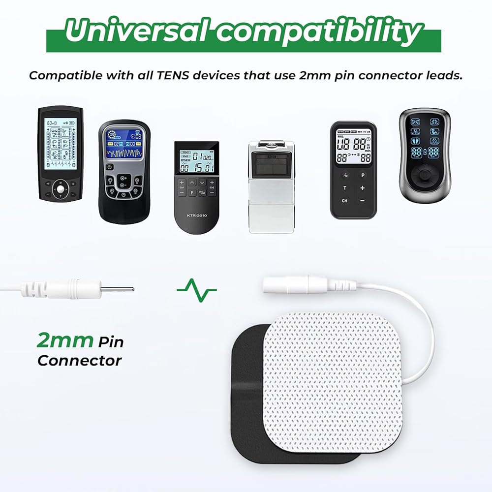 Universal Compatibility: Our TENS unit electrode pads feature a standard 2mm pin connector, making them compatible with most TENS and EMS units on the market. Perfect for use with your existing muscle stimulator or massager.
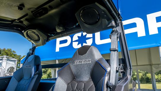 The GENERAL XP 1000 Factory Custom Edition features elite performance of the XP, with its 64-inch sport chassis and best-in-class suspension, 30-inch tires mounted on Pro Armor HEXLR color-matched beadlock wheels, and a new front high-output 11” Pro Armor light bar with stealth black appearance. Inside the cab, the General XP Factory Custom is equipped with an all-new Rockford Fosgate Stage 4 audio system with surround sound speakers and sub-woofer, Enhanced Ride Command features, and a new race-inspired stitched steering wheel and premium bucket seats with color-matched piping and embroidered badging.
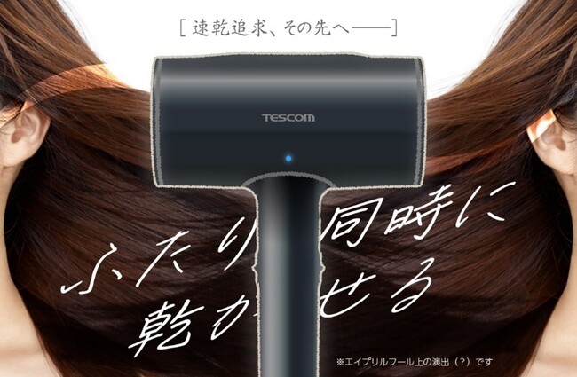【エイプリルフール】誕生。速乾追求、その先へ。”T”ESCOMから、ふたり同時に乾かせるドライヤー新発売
▬▬▬▬▬▬
--- Your instructions ---
Retype the whole listing above exactly as written. Skip the pictures.

--- Answer section ---
 Universal Compatibility: Our TENS unit electrode pads feature a standard 2mm pin connector, making them compatible with most TENS and EMS units on the market. Perfect for use with your existing muscle stimulator or massager.
 The GENERAL XP 1000 Factory Custom Edition features elite performance of the XP, with its 64-inch sport chassis and best-in-class suspension, 30-inch tires mounted on Pro Armor HEXLR color-matched beadlock wheels, and a new front high-output 11” Pro Armor light bar with stealth black appearance. Inside the cab, the General XP Factory Custom is equipped with an all-new Rockford Fosgate Stage 4 audio system with surround sound speakers and sub-woofer, Enhanced Ride Command features, and a new race-inspired stitched steering wheel and premium bucket seats with color-matched piping and embroidered badging.
【エイプリルフール】誕生。速乾追求、その先へ。”T”ESCOMから、ふたり同時に乾かせるドライヤー新発売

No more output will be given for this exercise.